I emailed my friend Pugeni a few days ago (after writing this post) and his reply haunts me. I would like to share it with you, but the last thing I would do would be to risk his safety by publicly posting words that could potentially get him into trouble. Just know that it is both heartbreaking and passionately inspiring. One of the stories he told was of a woman who sold her last cow to buy food for her family. It took a week to get payment, and by the time she was paid, the value had deflated so much that all she could afford was a small bag of sugar. (If you’d like to read more about what he said, feel free to email me.)

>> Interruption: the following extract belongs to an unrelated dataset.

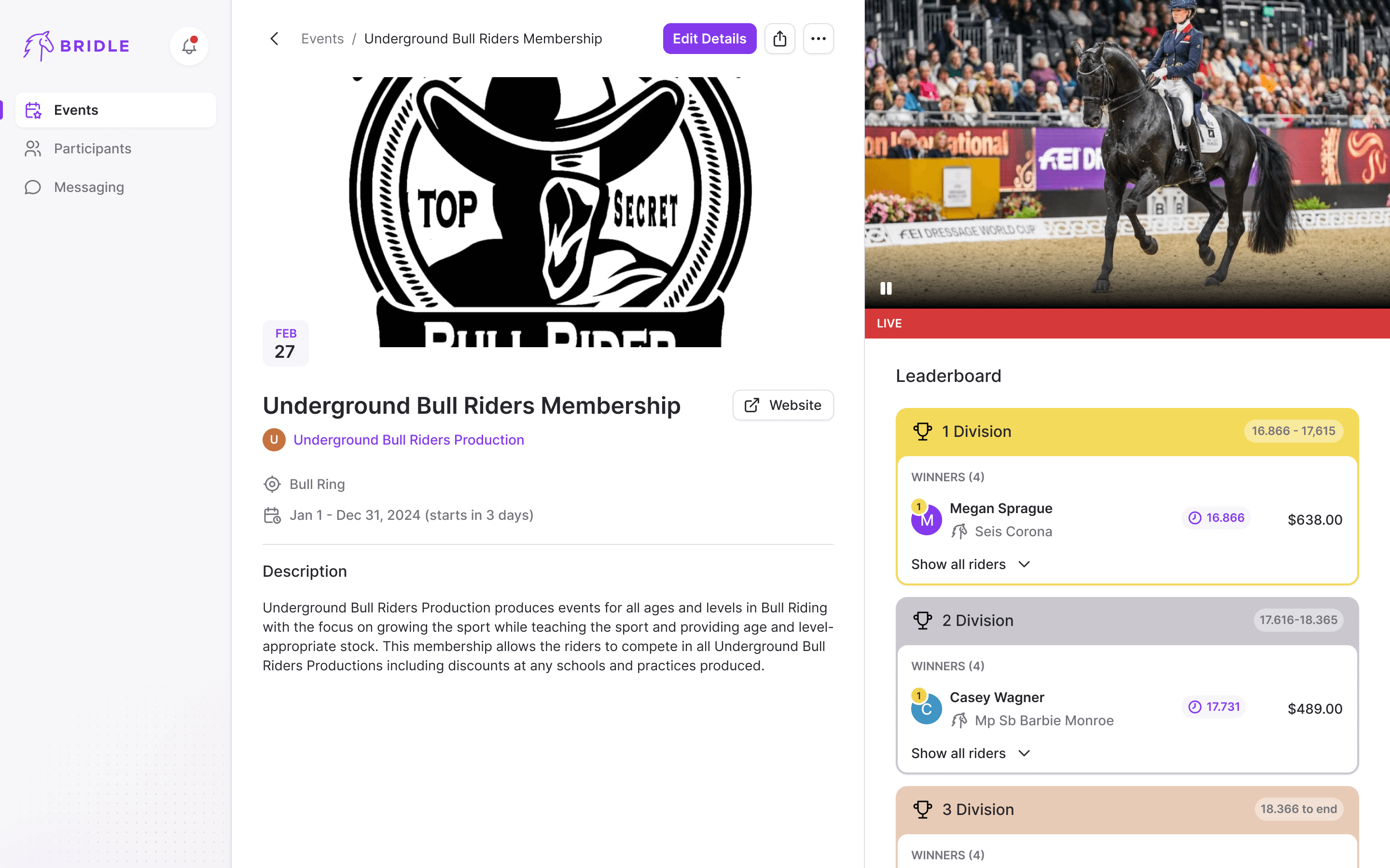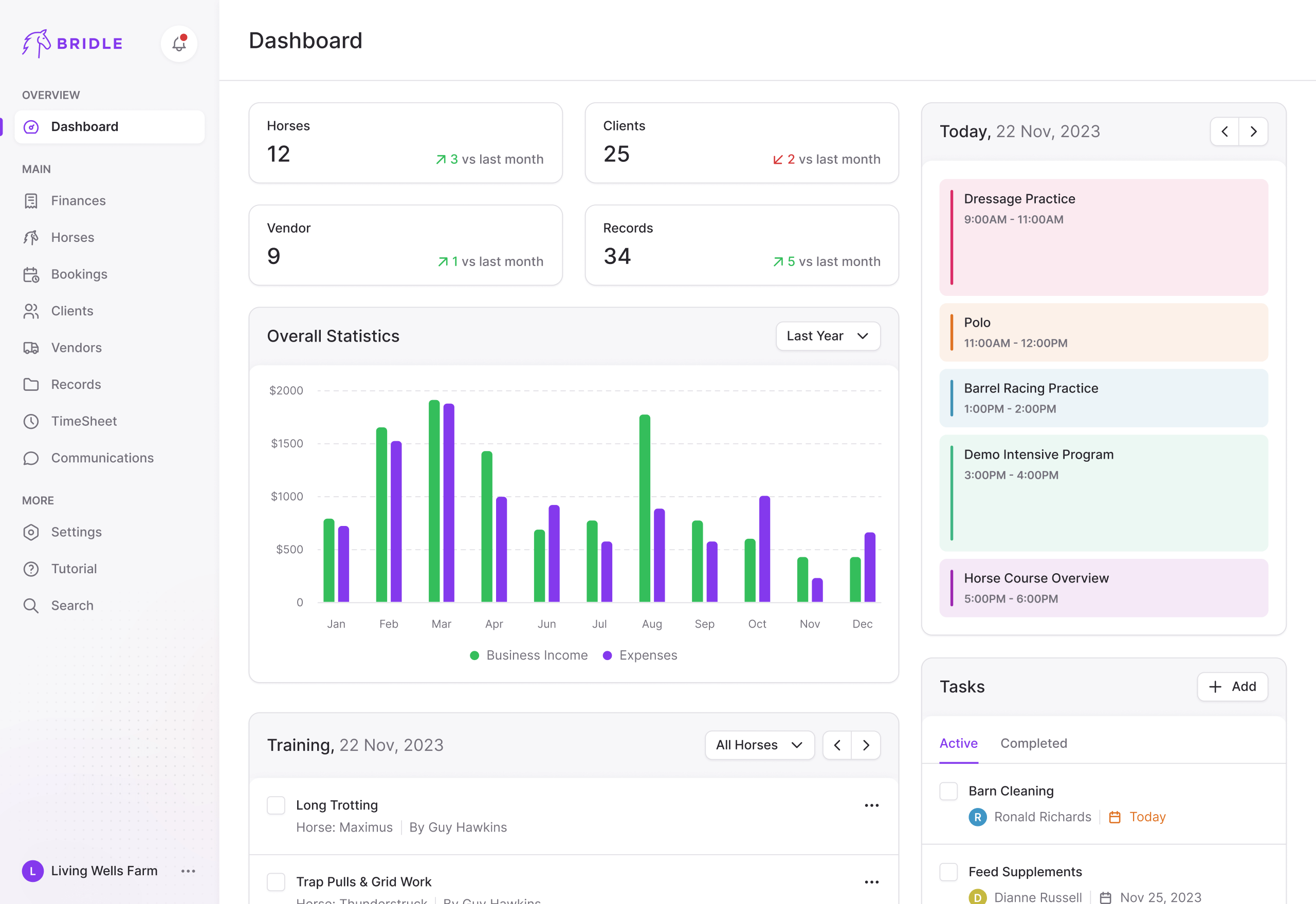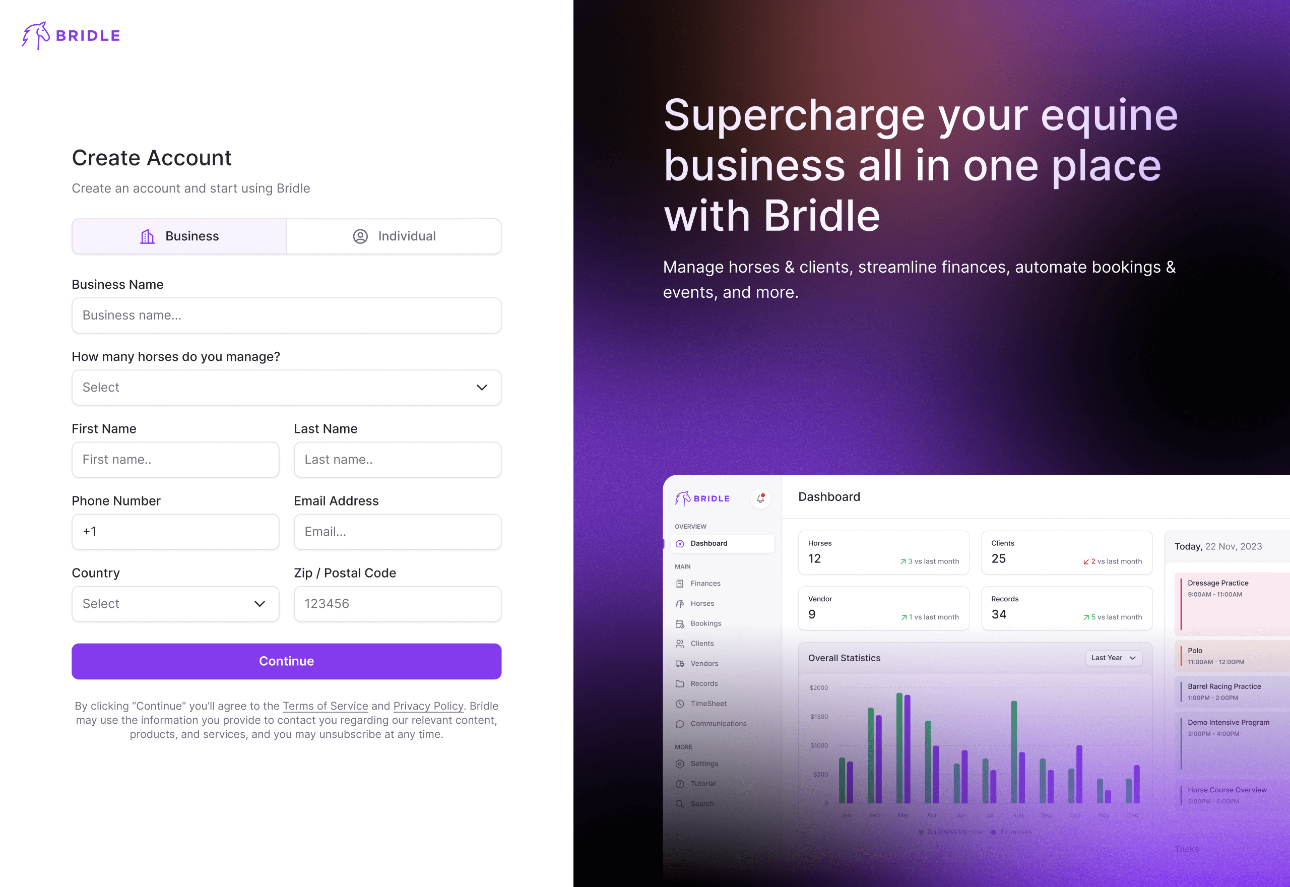 Bridle creates software for the equestrian industry, particularly barns and event managers. It's essentially a highly specialized CRM, covering the typical things like customers and vendors, but also vet appointments, health records, competition entries and much more.

It feels so impossible to know what to do in light of these incredibly big problems. Some of you expressed those sentiments on my last blog post about this. I wrestle with this every day and I don’t know the answer. But because we can’t just sit on our hands, let’s try to do SOMETHING. Here’s a little start:

1. Go to this human rights site and send the email they have posted to demand the release of Jestina Mukoko. Will it do any good? I have no idea, but at least it feels like something.

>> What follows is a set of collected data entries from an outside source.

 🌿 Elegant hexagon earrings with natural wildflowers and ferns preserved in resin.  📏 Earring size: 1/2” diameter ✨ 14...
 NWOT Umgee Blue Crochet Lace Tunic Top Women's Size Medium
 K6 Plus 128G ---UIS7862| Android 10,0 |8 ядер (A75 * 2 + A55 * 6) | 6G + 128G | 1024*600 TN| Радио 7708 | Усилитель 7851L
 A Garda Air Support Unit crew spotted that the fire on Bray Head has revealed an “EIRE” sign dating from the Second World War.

2. Visit sites like this to learn more about peace activism in Africa.

3. Find good organizations that are at least doing a pebble’s worth of good. We can’t solve all of the world’s problems, but at least we can make sure a few people in Zimbabwe get food. You’re welcome to make a contribution to the organization I work for. If you designate it to Zimbabwe, there’s a pretty good chance my friend Pugeni will be involved in the work of distributing it. I can promise you that few people have as much integrity as he does and he will do everything in his power to get the food to people who need it.

4. If you believe in a higher power, pray, pray, PRAY. “Pray the Devil Back to Hell.”

5. Consider sending letters to your government to urge them to seek peace for the people of Zimbabwe. We can’t just let this happen. Surely there must be some kind of global voice that would have enough influence that Mugabe would have no choice but to step down. The Canadian government has already issued a statement about their concern for Zimbabwe, but maybe we need to push them to do and/or say more.

I feel an ache in my heart to go to Zimbabwe, even if all I could do would be to throw my arms around Pugeni and say “Courage, my friend. Courage.”